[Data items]

● ● ● ● ●

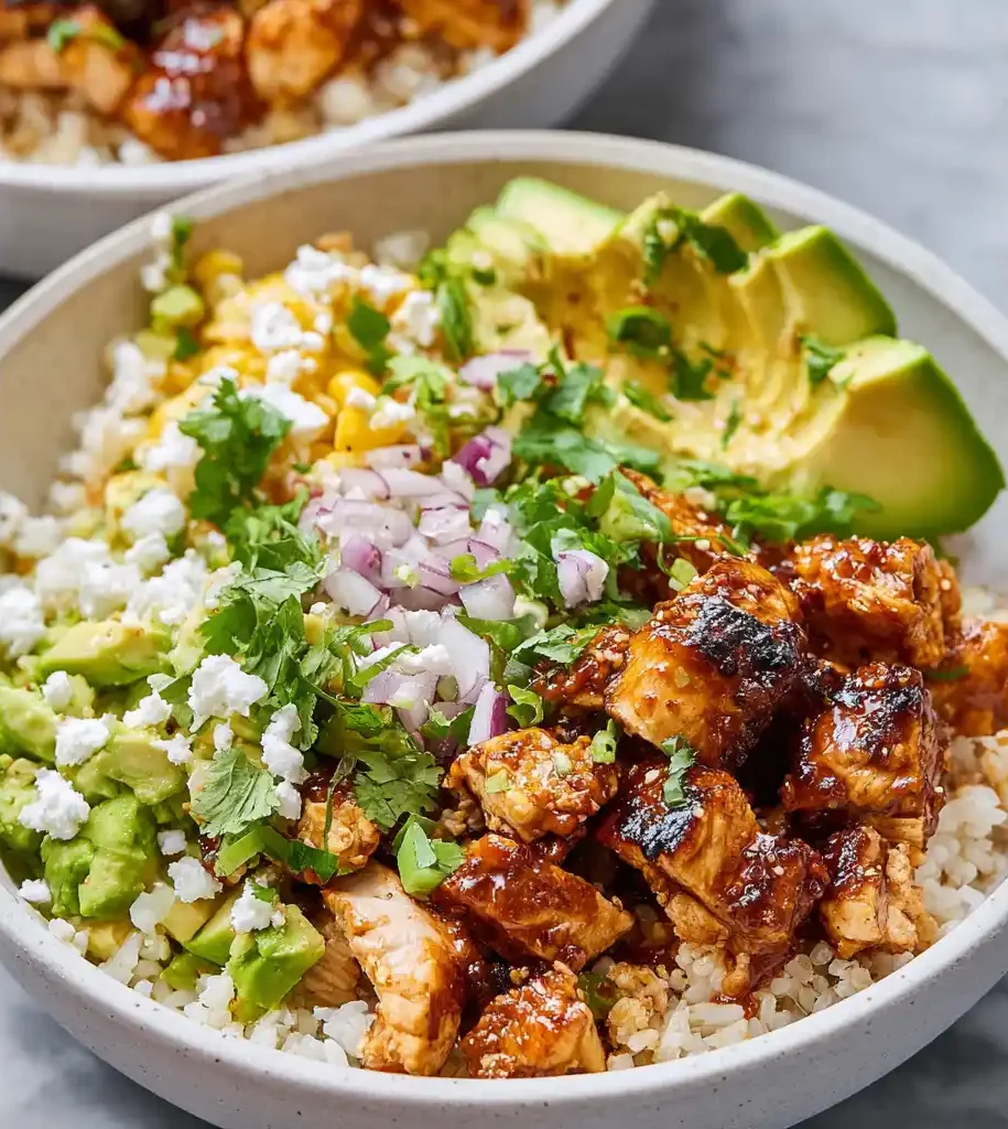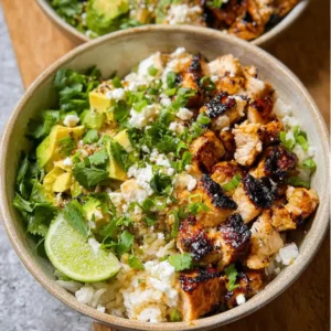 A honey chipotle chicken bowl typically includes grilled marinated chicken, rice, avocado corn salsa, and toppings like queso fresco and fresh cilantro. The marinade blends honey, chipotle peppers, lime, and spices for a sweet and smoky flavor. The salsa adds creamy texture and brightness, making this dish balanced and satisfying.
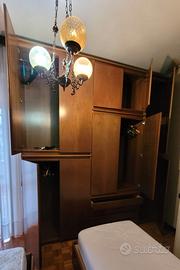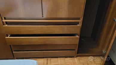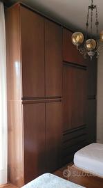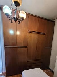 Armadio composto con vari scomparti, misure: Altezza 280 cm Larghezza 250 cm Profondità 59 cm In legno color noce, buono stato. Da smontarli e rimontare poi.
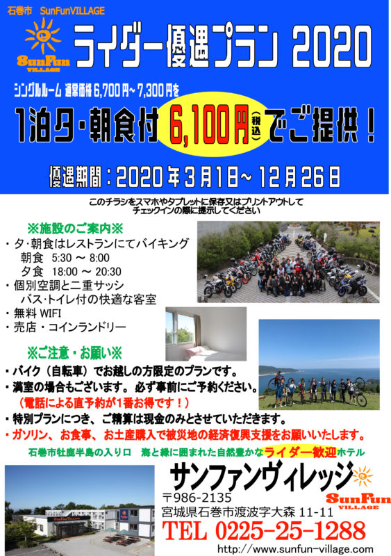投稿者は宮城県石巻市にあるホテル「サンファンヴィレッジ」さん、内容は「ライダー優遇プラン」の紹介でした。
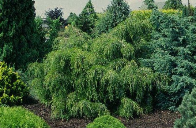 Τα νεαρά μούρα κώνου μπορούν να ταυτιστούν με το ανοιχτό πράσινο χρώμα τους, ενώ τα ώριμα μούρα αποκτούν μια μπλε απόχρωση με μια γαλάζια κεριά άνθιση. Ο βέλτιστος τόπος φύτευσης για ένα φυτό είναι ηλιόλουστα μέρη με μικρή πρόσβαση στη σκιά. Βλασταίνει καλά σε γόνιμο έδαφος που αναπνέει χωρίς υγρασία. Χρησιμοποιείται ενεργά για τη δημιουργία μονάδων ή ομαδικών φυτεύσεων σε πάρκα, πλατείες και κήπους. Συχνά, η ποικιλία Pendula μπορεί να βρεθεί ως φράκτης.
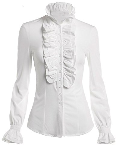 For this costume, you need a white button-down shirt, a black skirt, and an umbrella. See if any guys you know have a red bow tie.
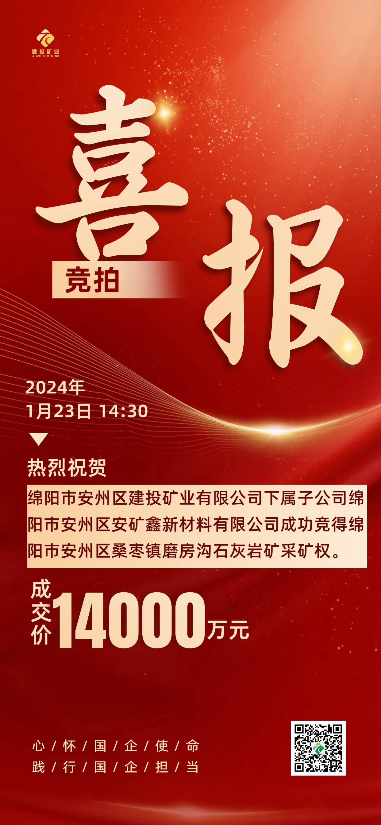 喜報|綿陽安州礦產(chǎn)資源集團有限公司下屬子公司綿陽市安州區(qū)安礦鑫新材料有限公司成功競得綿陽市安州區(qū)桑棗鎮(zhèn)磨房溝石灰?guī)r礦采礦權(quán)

● ● ● ● ●

◆ **WHAT TO WORK ON**:
The whole of the data above needs retyping exactly, with pictures omitted.

◆ **FINISHED EXERCISE**:
 A honey chipotle chicken bowl typically includes grilled marinated chicken, rice, avocado corn salsa, and toppings like queso fresco and fresh cilantro. The marinade blends honey, chipotle peppers, lime, and spices for a sweet and smoky flavor. The salsa adds creamy texture and brightness, making this dish balanced and satisfying.
 Armadio composto con vari scomparti, misure: Altezza 280 cm Larghezza 250 cm Profondità 59 cm In legno color noce, buono stato. Da smontarli e rimontare poi.
投稿者は宮城県石巻市にあるホテル「サンファンヴィレッジ」さん、内容は「ライダー優遇プラン」の紹介でした。
 Τα νεαρά μούρα κώνου μπορούν να ταυτιστούν με το ανοιχτό πράσινο χρώμα τους, ενώ τα ώριμα μούρα αποκτούν μια μπλε απόχρωση με μια γαλάζια κεριά άνθιση. Ο βέλτιστος τόπος φύτευσης για ένα φυτό είναι ηλιόλουστα μέρη με μικρή πρόσβαση στη σκιά. Βλασταίνει καλά σε γόνιμο έδαφος που αναπνέει χωρίς υγρασία. Χρησιμοποιείται ενεργά για τη δημιουργία μονάδων ή ομαδικών φυτεύσεων σε πάρκα, πλατείες και κήπους. Συχνά, η ποικιλία Pendula μπορεί να βρεθεί ως φράκτης.
 For this costume, you need a white button-down shirt, a black skirt, and an umbrella. See if any guys you know have a red bow tie.
 喜報|綿陽安州礦產(chǎn)資源集團有限公司下屬子公司綿陽市安州區(qū)安礦鑫新材料有限公司成功競得綿陽市安州區(qū)桑棗鎮(zhèn)磨房溝石灰?guī)r礦采礦權(quán)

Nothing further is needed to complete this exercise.